No documento A psicanálise e o discurso da ciência (páginas 126-131)

4.2 O SUJEITO DA PSICANÁLISE E O SUJEITO DA CIÊNCIA

4.2.1 A CIÊNCIA POSSUI UM SUJEITO ?

Antes de prosseguirmos nesse ponto, há que se tratar a questão de saber se a ciência, de fato, possui um sujeito. Evidentemente, só assim ele poderá ser “forcluído”. Essa questão não é ingênua se considerarmos que um dos principais epistemólogos da ciência, Karl Popper, dedicou seus trabalhos – em especial o livro Conhecimento Objetivo – para libertar a ciência de qualquer consideração de caráter subjetivista.
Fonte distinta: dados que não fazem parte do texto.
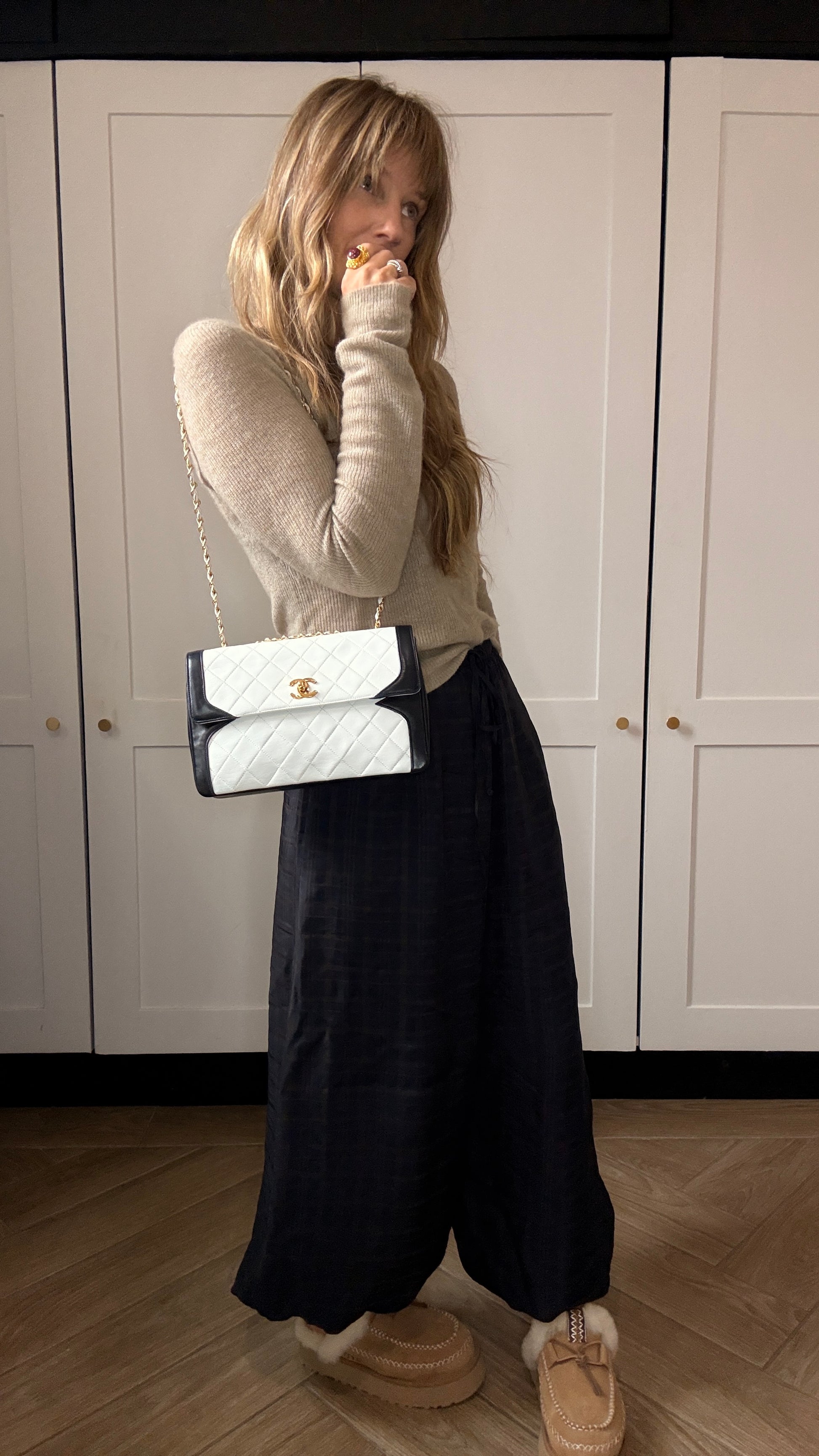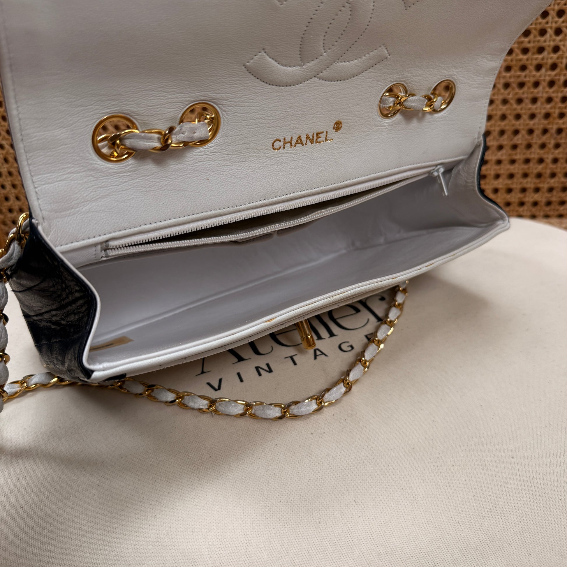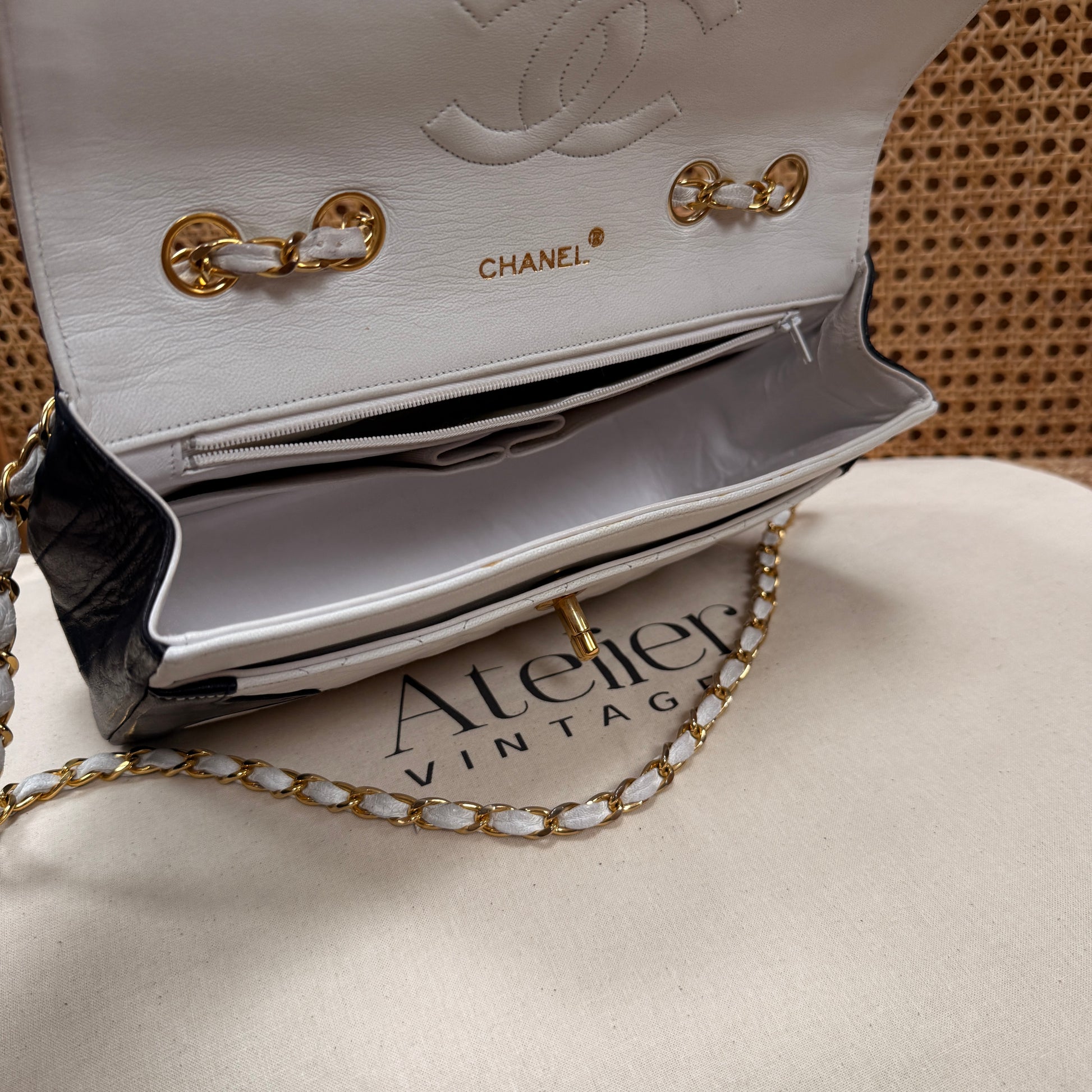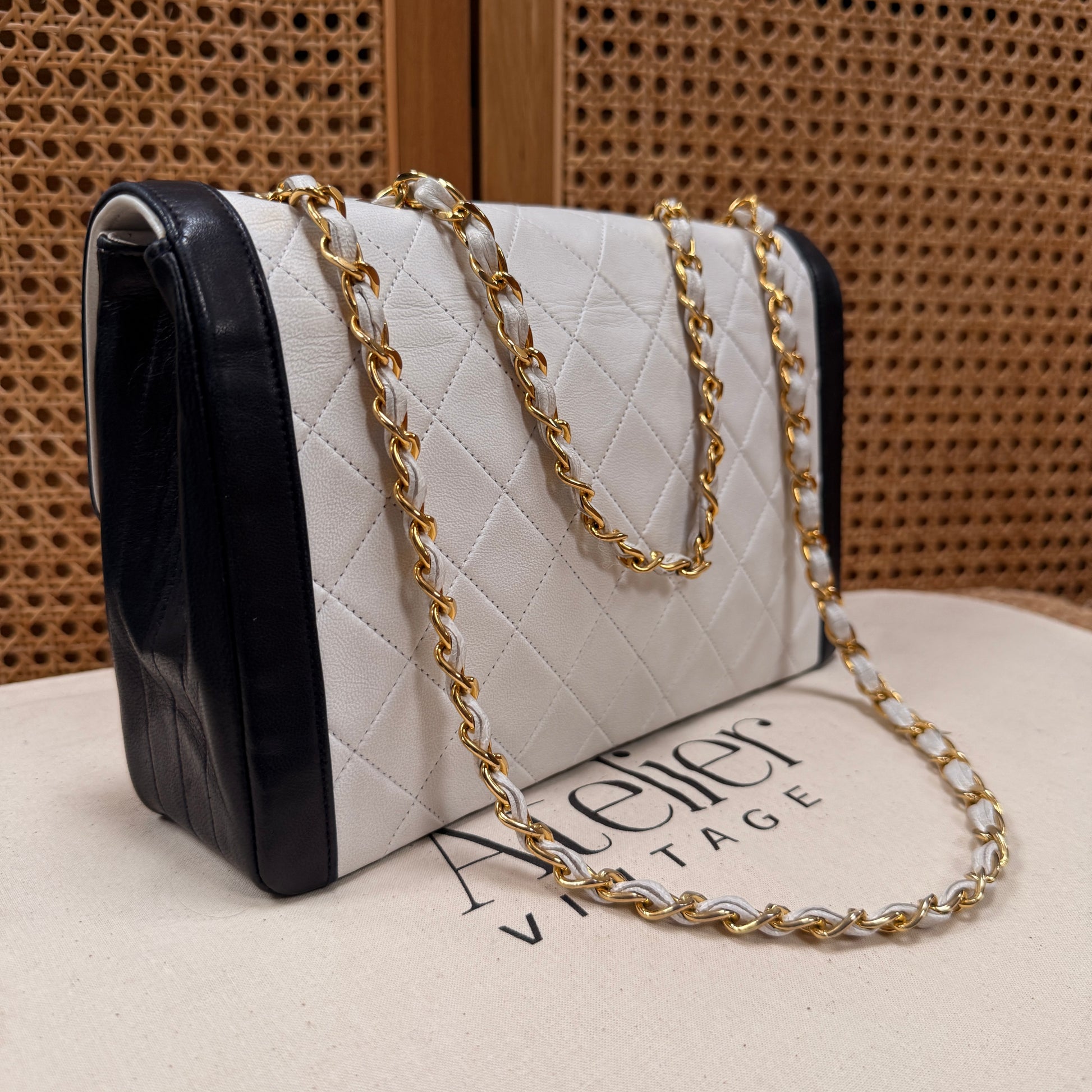 Chanel 1986 Rare Ivory & Navy Limited Edition Single Flap

Para Popper, ao contrário, a ciência não possui “sujeito cognoscente”, o que lhe garantiria, então, ser totalmente objetiva.

Ora, Lacan não era alheio à dificuldade de sustentar sua afirmação de que o sujeito da psicanálise183 era o mesmo sujeito da ciência: “dizer que o sujeito sobre quem operamos em psicanálise só pode ser o sujeito da ciência talvez passe por um paradoxo.”184

183 O moi, em Lacan, apresenta características imaginárias; enquanto o sujeito (ou “je”) remete para a dimensão do simbólico, no sentido em que não há sujeito, em Lacan, senão como efeito da intervenção do significante no real. 184 LACAN, 1998b, p. 873.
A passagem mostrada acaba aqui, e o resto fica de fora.